If, like me, you can't resist caramel, you are going to love these 10+ Delicious Caramel Desserts! I can't wait to add more recipes to this list!
Caramel is one of the most luxurious foods on the planet, so you definitely need these 10+ Delicious Caramel Desserts in your life! Even chocoholics can't resist (though I have a few recipes with caramel + chocolate, too)!
What is Caramel?
Caramel is confection created when sugar is browned, or caramelized. In French, caramel translates to "burnt sugar." While not technically burnt, the golden brown color and the deep, rich flavor that accompanies it are the defining characteristics of caramel.
While we're sort of on the subject, a little PSA: "caramel" is the correct spelling and pronunciation if you're talking about food or a color. "Carmel" is a name for people or places. Thank you. *steps off soap box*
A great variety of desserts and confections are flavored and/or topped with caramel. Read on for some details on different types of caramel!
Types of Caramel
Caramel can vary in consistency due to ingredient proportions (amount of butter and/or heavy cream used) and to what temperature (stage) the caramel is heated to. Here are a few different types of caramel that you're likely familiar with:
- Hard Caramels - Hard, sweet, and irresistible, hard caramels are cooked to the "caramel" stage of 320°F.
- Soft Caramels - Chewy soft caramels are cooked to the "firm ball" stage, ranging from 244°F to 248°F, and typically have cream and/or butter added.
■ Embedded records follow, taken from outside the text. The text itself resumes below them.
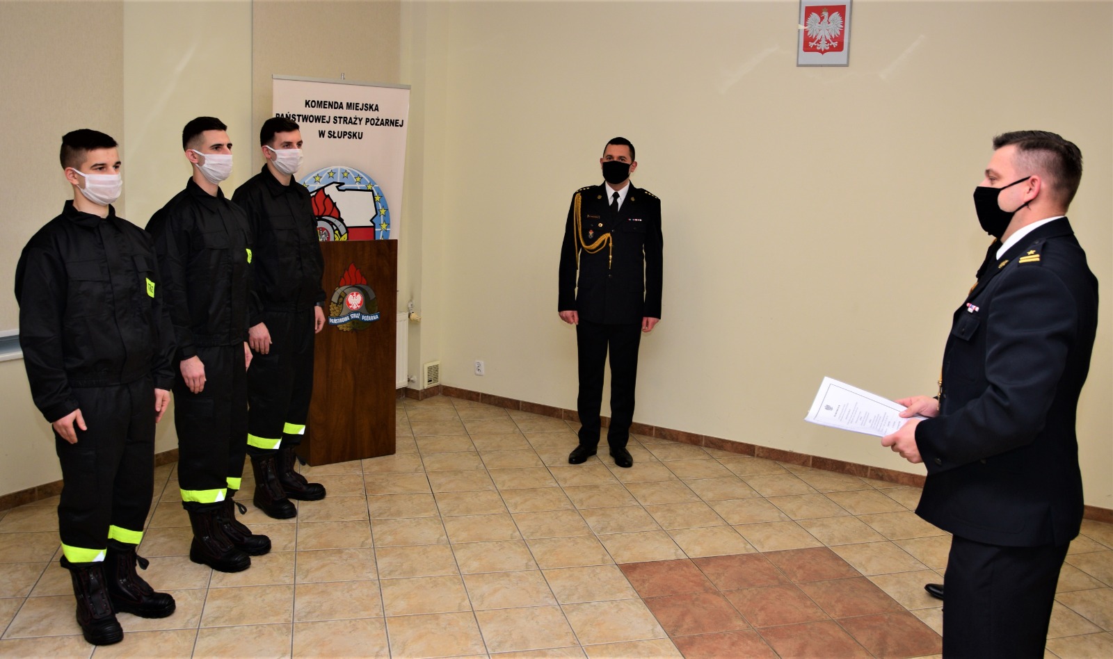 8 grudnia 2020 r. w siedzibie Komendy Miejskiej PSP w Słupsku odbyło się ceremonia złożenia ślubowania przez trzech funkcjonariuszy PSP : Jana Cymermana, Adriana Jałochę i Janusza Ogonowskiego.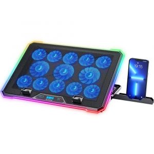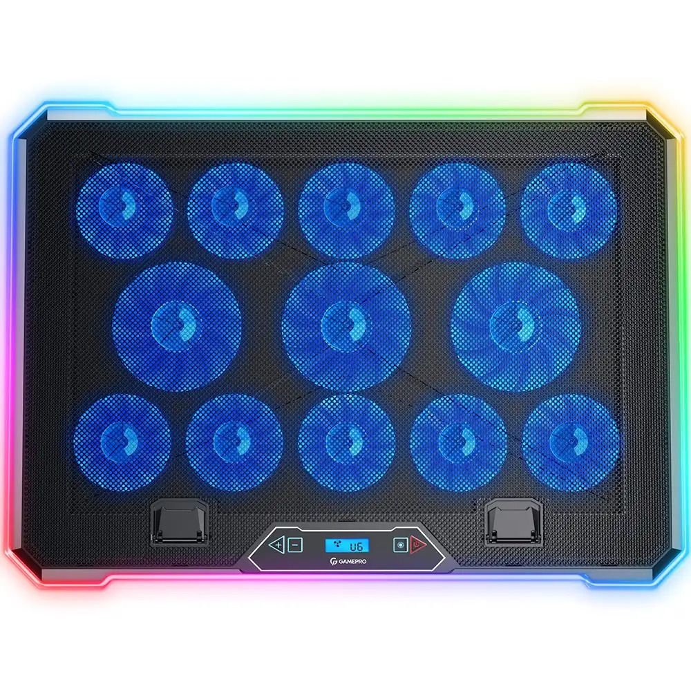 Охолодна підставка Gamepro CP1090 обладнана безпрецедентною кількістю вентиляторів: 10 вентиляторів розміром 60 х 60 х 15 мм, що працюють на швидкості 2550 об/хв, і 3 вентилятори розміром 80 х 80 х 10 мм зі швидкістю 17 потягів.
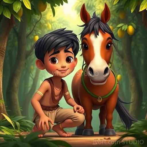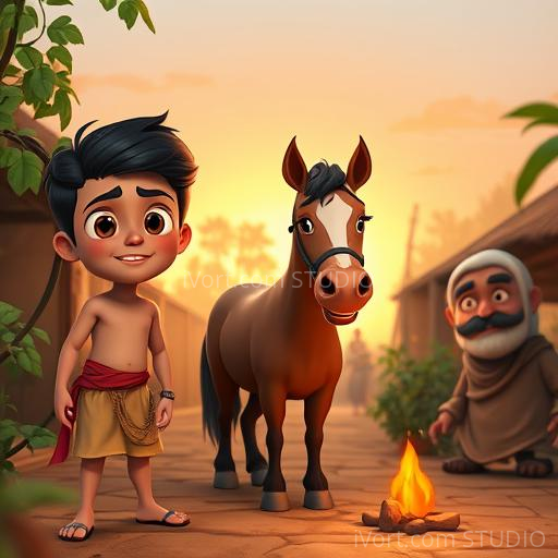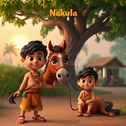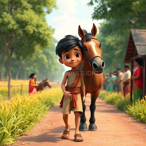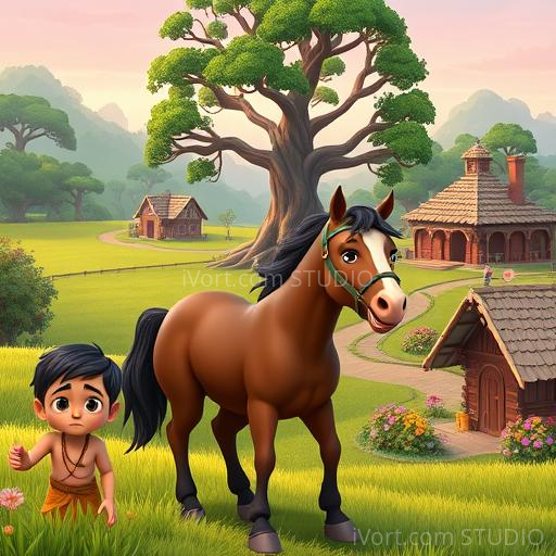 In a peaceful Indian village nestled between lush green fields and colorful flower gardens, Nakula, a gentle and curious boy with bright eyes, wakes up to find his beloved horse, Chandrapal, missing. The morning sun casts a golden glow over the village, and Nakula feels a mix of worry and determination. He remembers how Chandrapal loved to graze near the banyan tree and decides to search for his friend, hoping to find him soon.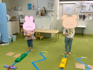 「これの上を歩くのー」と支援員の話をしっかり聞いてくれていました✨✨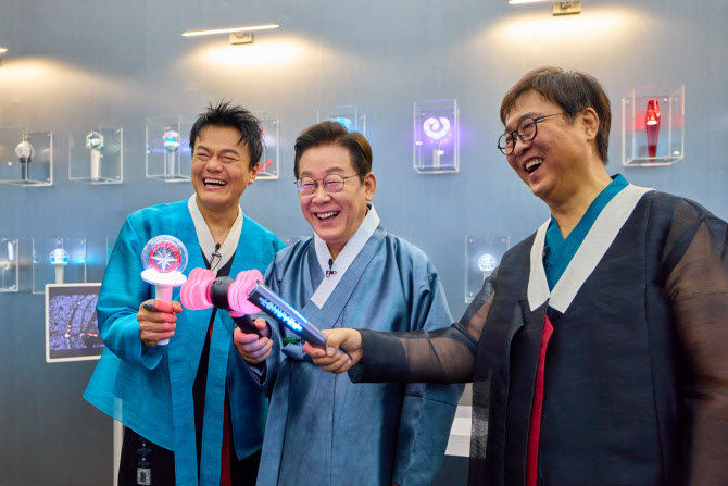 이재명 대통령이 1일 경기 고양시 킨텍스에서 열린 대중문화교류위원회 출범식 K컬처 체험존에서 블랙핑크 응원봉 점등을 하고 있다. 왼쪽부터 박진영 대중문화교류위원회 공동위원장, 이 대통령, 최휘영 문화체육관광부 장관. (대통령실 제공).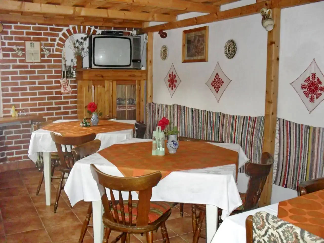 - Mesele sunt servite într-o sală de mese amenajată într-un stil tradițional.
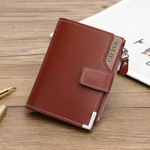 Luxury Short Men Tri- Fold Wallets PU Leather with Zipper Coin Purse Multifunctional Buckle Photo Card Holder Man Purses Wallet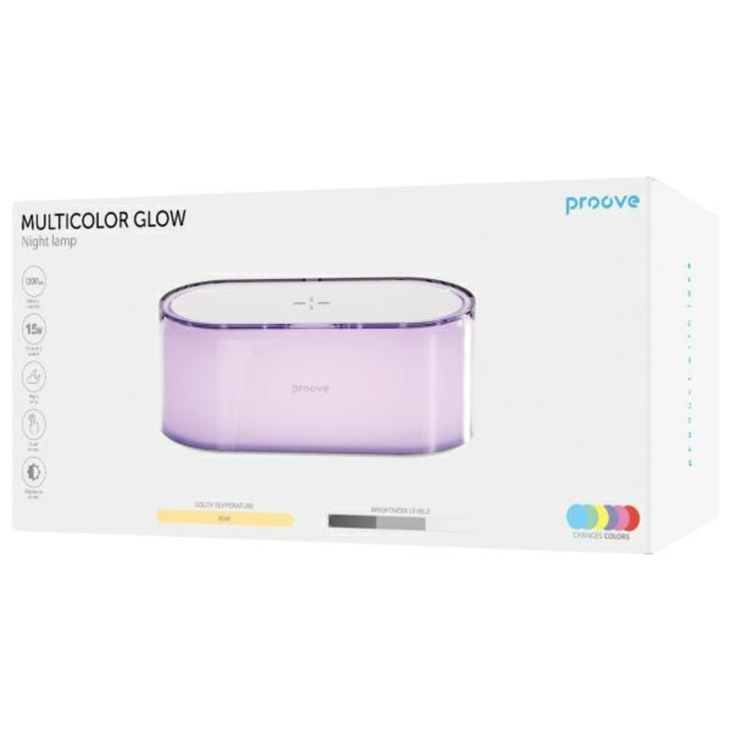 Felhasználói kényelem. A Proove Többszínű Glow az Ön kényelmét szem előtt tartva készült. A tágas 1200 mAh akkumulátor akár 18 órás működést biztosít halk világítással, a különböző világítási módok - a meleg fehér fénytől a RGB többszínű megvilágításig - segítenek megteremteni a tökéletes feltételeket a pihenéshez vagy az esti kikapcsolódáshoz. Ez egy stílusos és funkcionális megoldás, amely átalakítja az Ön terét.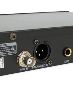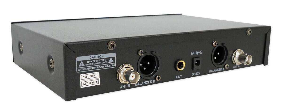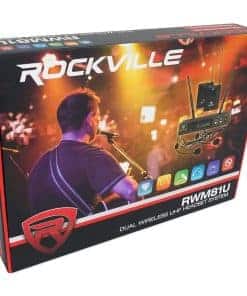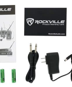 Sistema de Micrófono Inalámbrico de Diadema Rockville RWM81U Dual UHF. Alto rendimiento, sistema de micrófono de diadema inalámbrico. Incluye transmisor con dos micrófonos de diadema cardioide unidireccionales inalámbricos de alta sensibilidad. Con un diseño de doble filtro para limitar la retroalimentación e interferencias. La estabilidad de la señal ultra elimina la distorsión no deseada. Receptor profesional con pantallas a color multifunción que muestran la frecuencia, la sincronización de la señal y la entrada de audio. El transmisor se enlaza automáticamente al receptor para facilitar su uso. Use dos micrófonos (de mano o de diadema) al mismo tiempo. Controles individuales de volumen del micrófono. Carcasa de metal resistente. Construcción ergonómica de micrófono compuesto cómodo. Baja consumo de energía para una vida útil de la batería más larga. Sistema: Rango de operación: 300-400 (interior), 250-350 (exterior). Canal: Dos canales. Rango de frecuencia: 560.10 – 577.60 MHz. Estabilidad de frecuencia: 0.005%. Modo de modulación: UHF.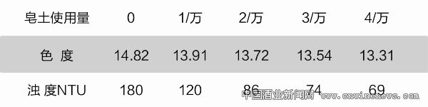 根据大生产中添加2/万皂土和0.5/万蛋清粉在过滤后得到的色度测定结果,对比后发现两者相差不大。蛋清粉由于成本和特性等问题,其操作要求更加严格,添加后需要更长的澄清时间,所以在大生产中一般选择使用皂土。

- Caramel Sauce - That caramel sauce you drizzle over your ice cream was cooked to the "thread" stage, ranging from 215°F to 230°F, and have typically have more cream and/or butter added than soft caramels do.
- Salted Caramel - Any of the above types of caramel can be made into salted caramel with the addition of salt. A small amount of salt is added to most caramels to help balance the bitterness that develops during caramelization, but salted caramel uses a larger amount of salt.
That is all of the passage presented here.